3. Elige un lugar de trabajo

Al igual que el tiempo, el espacio cumple un rol clave en todo ámbito de trabajo. Entonces, si tienes la posibilidad de adaptar un espacio de tu casa para el trabajo, no dudes en hacerlo.

Es importante que todos los miembros de la familia sepan respetar tu privacidad cuando te encuentras allí. Además, piensa en añadir una línea telefónica exclusiva para tu oficina, de modo que siempre estés disponible para tus clientes.

“Cuando uno ya ejerce la maternidad, puede volverse algo complicado combinar el oficio de mamá con el de trabajadora”

4. Usa las actividades extraescolares a tu favor

Una vez que los niños ingresan a la edad escolar, las cosas se simplifican bastante. Durante el turno escolar —sea mañana o tarde— ya tendrán las horas ocupadas; en el contraturno, puedes anotarlos en alguna actividad deportiva o artística. Por supuesto, ellos tienen que decidir a cuáles asistir.

A esta gran herramienta, puedes agregar, por ejemplo, una visita a casa de los abuelos en la semana o incluso planificar tardes libres con tu pareja para alternarse en el cuidado de los pequeños. Entonces, la niñera quedará solo para momentos específicos y podrás ahorrar algo de dinero.

5. Sé inteligente y flexible

Se trata, justamente, de una de las mayores ventajas de trabajar desde casa. No hay horarios; por lo tanto, si una noche te desvelas o si tienes que permanecer despierta para cuidar a alguno de tus hijos, puedes adelantar trabajo.

Claro, no debe volverse una constante, ya que trabajar en exceso de ningún modo se justifica. Sin embargo, puede ser útil cuando sabes que no podrás dormirte inmediatamente y, por consecuencia, estarás cansada la mañana siguiente.
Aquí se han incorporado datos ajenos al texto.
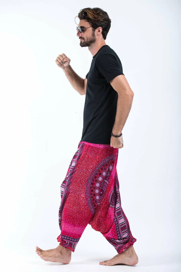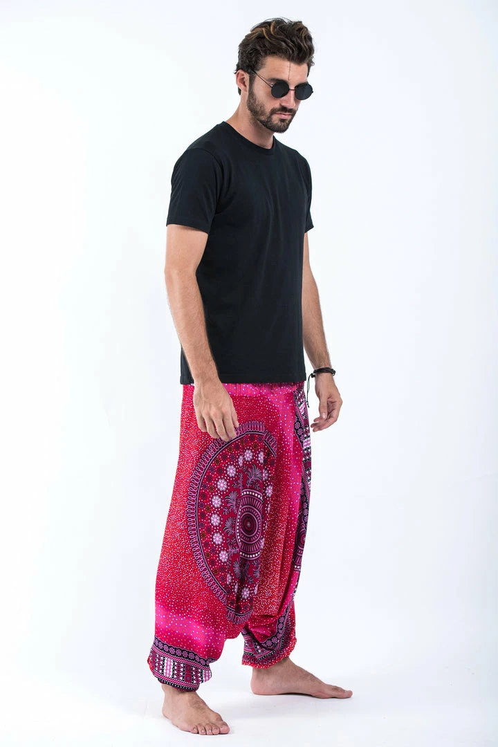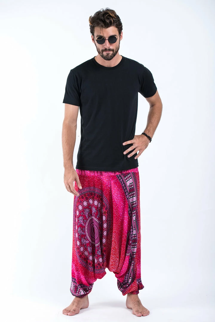 HaremPants.com Tribal Chakras Drop Crotch Men’s Harem Pants In Pink

6. Aprovecha los ‘tiempos extra’

Parecido al punto anterior, también puedes aprovechar algunos ratos en los que sabes que los pequeños no demandarán tu atención. Por ejemplo, si están mirando televisión o jugando con los videojuegos, es probable que no necesiten de tu ayuda. Es más: quizás ni siquiera noten si te has ido.

En esos momentos, puedes tomar esos minutos para terminar algo pendiente o adelantar detalles. Cuidado, no es aconsejable enfocarte en los trabajos principales, sino simplemente tomarlos como ‘tiempo extra’.
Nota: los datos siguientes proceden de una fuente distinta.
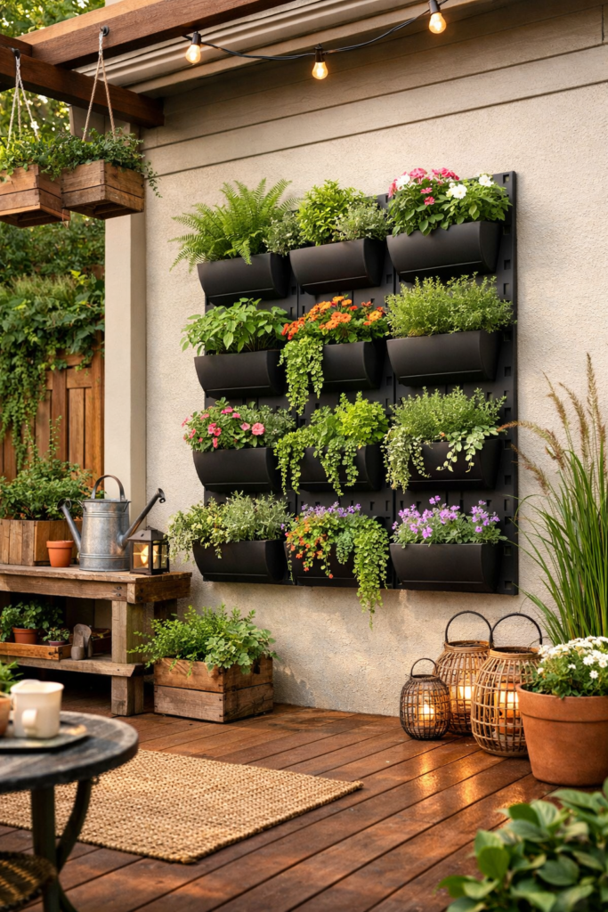 Vertical gardens are ideal for small garden ideas for small spaces, urban backyard design ideas, and apartment balcony decorating.

Trabajar desde casa con niños requiere de organización y, sobre todo, ayuda.

7. Encuentra el equilibrio

Si bien la mayoría de las recomendaciones anteriores apuntan a que maximices el tiempo disponible, esto no quiere decir que debes apartar a los niños lo más que puedas. Muchísimo menos significa que debes considerarlos una molestia a evitar.
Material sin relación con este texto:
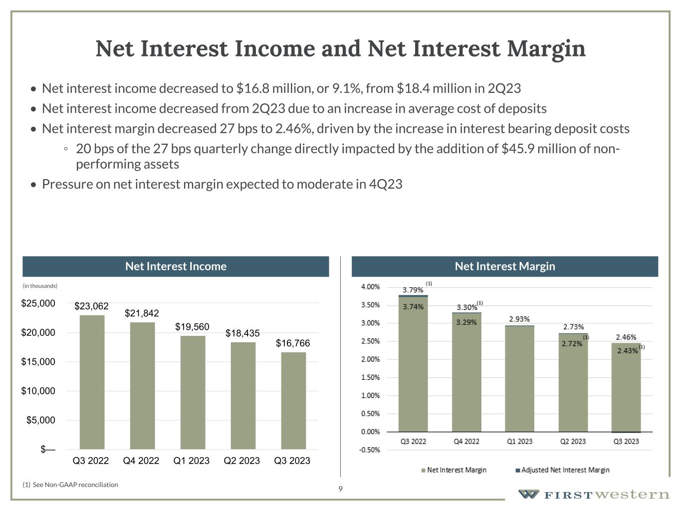 157 180 196 164 166 168 62 94 111 154 161 132 122 125 129 76 78 86 255 255 255 Chart color Table color Special Headlines Slide Headlines / Text on light background Primary Colors Secondary Colors Primary Background / Call Out Boxes / Text on dark background Chart color Table Color Tertiary Colors Chart color Table Color Chart Color Chart Color Approved Fonts AaBbCc 123 Lora (bold) Slide Headlines / Special Headlines AaBbCc 123 Lato (regular, bold, italics) Body Copy / Subheadings / Small Text Descriptions (1) See Non-GAAP reconciliation Gross Revenue 3Q23 Gross Revenue(1) Gross Revenue(1) 8 $29.3 $29.0 $26.1 $24.8 $23.1 Wealth Management Mortgage Q3 2022 Q4 2022 Q1 2023 Q2 2023 Q3 2023 $— $5.0 $10.0 $15.0 $20.0 $25.0 $30.0 $35.0 • Gross revenue(1) declined 6.6% from prior quarter • Decline in net interest income, partially offset by an increase in noninterest income • Non-interest income mix increased to 26.7% from 17.7% in prior quarter

Tanto ellos como tú misma van a necesitar momentos juntos, por lo que no estés siempre cerrada a que ‘no molesten en horario laboral’. Permanece abierta y receptiva a sus requerimientos. Incluso hasta podrías asignarles tareas sencillas —como apilar papeles, por ejemplo— para pasar tiempo juntos y que se sientan útiles.

Te lo advertimos desde el principio: no será tarea fácil. Sin embargo, con organización y voluntad —y también paciencia— lo sacarás adelante perfectamente. Trabajar desde casa con niños no solamente es viable: es también una gran ventaja que muchos quisieran disfrutar.